Data records:
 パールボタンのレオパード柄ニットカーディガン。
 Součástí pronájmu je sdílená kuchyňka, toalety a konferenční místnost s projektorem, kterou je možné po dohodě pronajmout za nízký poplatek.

==

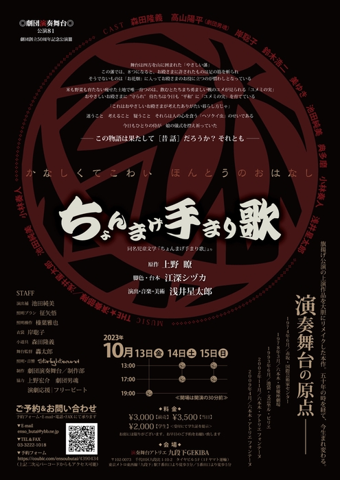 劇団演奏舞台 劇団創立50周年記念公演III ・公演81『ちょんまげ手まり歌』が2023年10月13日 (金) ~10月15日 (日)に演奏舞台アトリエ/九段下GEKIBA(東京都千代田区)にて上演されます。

Work to complete: Retype only the lines above between the line with "パールボタンのレオパード柄ニットカーディガン。" and the line with "Součástí pronájmu je", counting those two lines as well, and keep every character as it is.

Task result:
 パールボタンのレオパード柄ニットカーディガン。
 Součástí pronájmu je sdílená kuchyňka, toalety a konferenční místnost s projektorem, kterou je možné po dohodě pronajmout za nízký poplatek.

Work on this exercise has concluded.